Shepherd: “They’re not boobies, they’re nipples”
Mary: “No they’re not, they’re boobies”
Joseph: “So why can’t Jesus have milk from a bottle then?”
Mary: “Because I haven’t got a breast pump with me - you forgot to put it on the donkey”
Shepherd: “Can’t you ask the teacher for a bottle to feed Jesus with?”
Mary: “No because this is the best way to feed Jesus. Anyway bottles haven’t been invented yet & even if they were I’ve just had a baby so if you think I’m faffing about round Tescos to buy baby milk when I make proper milk in my boobies you can think again”


Here: www.hunnybeez.co.uk/hunnybeez-nativity-breastfeeding
(Tue 31st Mar 2009, 16:06, More)

» Common

Sweaty pikey boob change
I have no delusions of grandeur having been brought up in a large, single parent family in working-class Belfast but these antics are beneath even me.

My stepfather plays in a band and during his gigs my mother sits a table and sells the band's cds and merchandise.
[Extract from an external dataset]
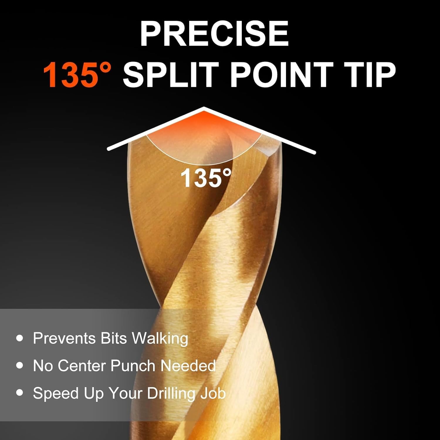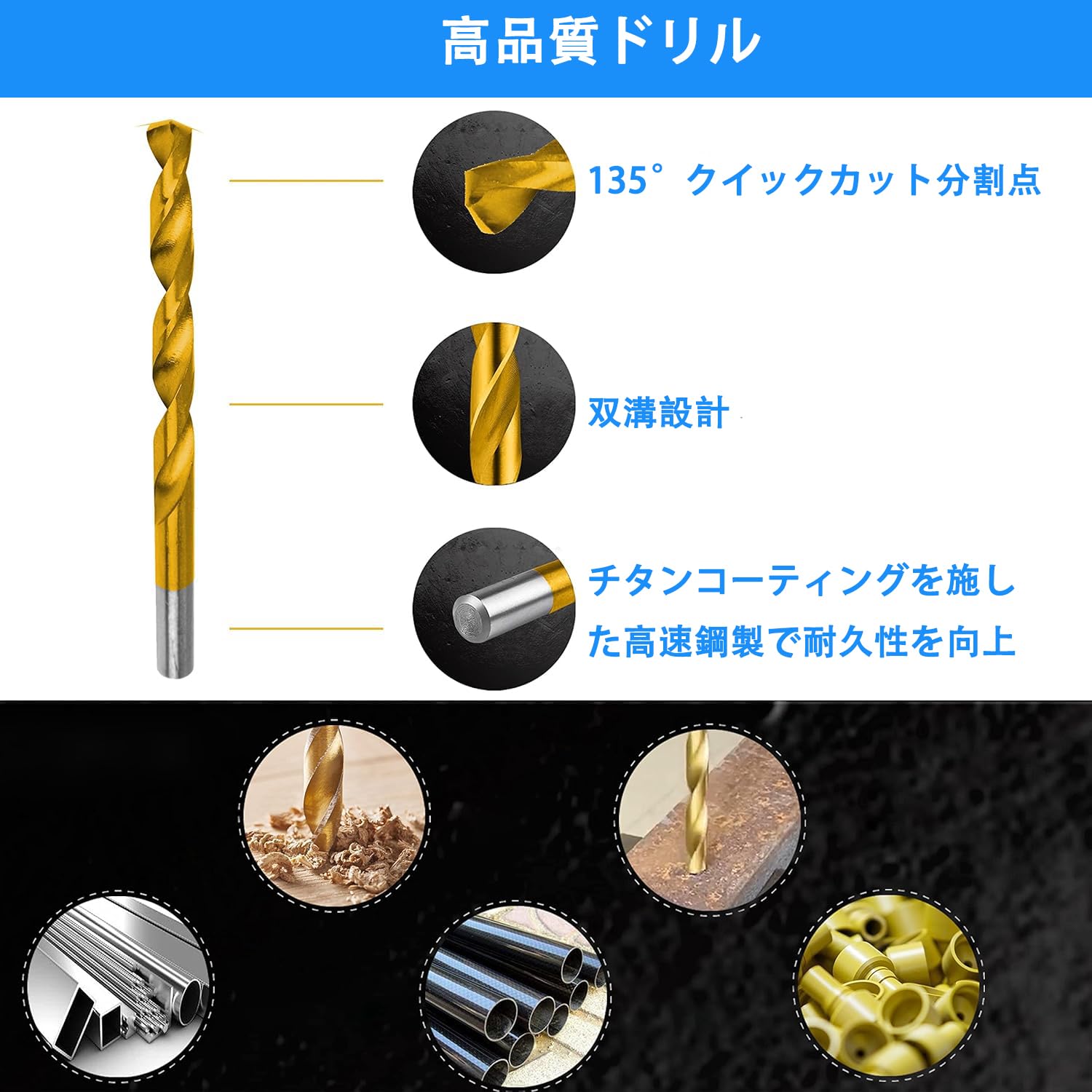 ● HSS鋼チタンコート刃です。 ● 充電式ドライバー・充電式ドリルドライバー・スクリュードライバー対応 ● ステンレス・難削材・一般鋼材・軽金属などの穴あけに ● 強ネジレ形状で軽く、速く穴あけできる特殊ウルトラ多層コーティングにより耐熱性抜群のドリル刃 ● ステンレス鋼に最適な溝形状で溶着が少なくスムーズな穴あけができます ● 木材、プラスチック、アルミニウム、銅、軟鉄など細いドリル刃はとても折れやすいので、怪我に気をつけてください。 ● 金属は切削油の御利用をお勧めします。 ◆ 用途:鉄・アルミ・樹脂・木材への穴あけ作業 ◆ 軸径:6.35mm/丸軸 ◆ 材質: HSS鋼 ◆ セット内容: 1.5mm×16/2.0mm×16/2.5mm×15/3.0mm×10/3.2mm×10/3.5mm×8/ 4.0mm×8/4.5mm×3/5.0mm×3/5.5mm×2/6.0mm×2/6.5mm×2/8mm×2/10mm×2

During a gig last year a crowd of gypsies/travellers/persons of dubious personal hygiene and ethics (or whatever the PC term is these days) came gallivanting in. They were having a great time dancing away (all women, I should add) and one spectactularly obese example in her 40's literally latched onto the drunkest young man in the room and dry humped him in the middle of the dancefloor whilst simultaneously sucking his entire face and neck purple.

Whilst I was doubled up with mirth at the floorshow, another woman came up to my mum, selected a disc and asked her how much the cds were. My eye was slowly drawn to the fact that her hand was rummaging about down her shirt. Ach well, I've been known to shove a £20 in my bra to save me from carrying a handbag too.

"£10 or €15 each"

"Oh, that's great" she said *rummage rummage rummage* and with a great flourish, she pulls out a HUGE handful of tuppences and nuggets from under her thrupenny bits. "Here, count it out!" she said to my totally appalled mother.

I was so repulsed and convulsed with laughter that I had to flee to the safety of the Ladies... only to find three more traveller ladies sitting side by side on the thrones, doors wide open, happily chatting away to each other.

Klassy.
(Sun 19th Oct 2008, 19:19, More)

» I was drunk when I bought this

when curry attacks
On a date, hella drunk, stopped off for a kebab, natch, but decided to get a lovely Indian veggie curry too because I had the evil munchies. I couldn't even finish the kebab and I had to get a cab, so I shoved the sealed curry in my handbag and went home with the intentions of watching a bit of tv and eating in bed. Of course, I passed out as soon as I could smell pillow.

A week later was the day of my driving test, so I went searching for my bag to fetch my provisional licence. I pulled it out from under my bed, to find a rancid exploded curry all over the contents. My licence was now a lovely shade of orange and bits of broccoli were stuck to my pic and it smelled like Bombay.

I passed, because I rule. Not because I wore a minikilt, oh no.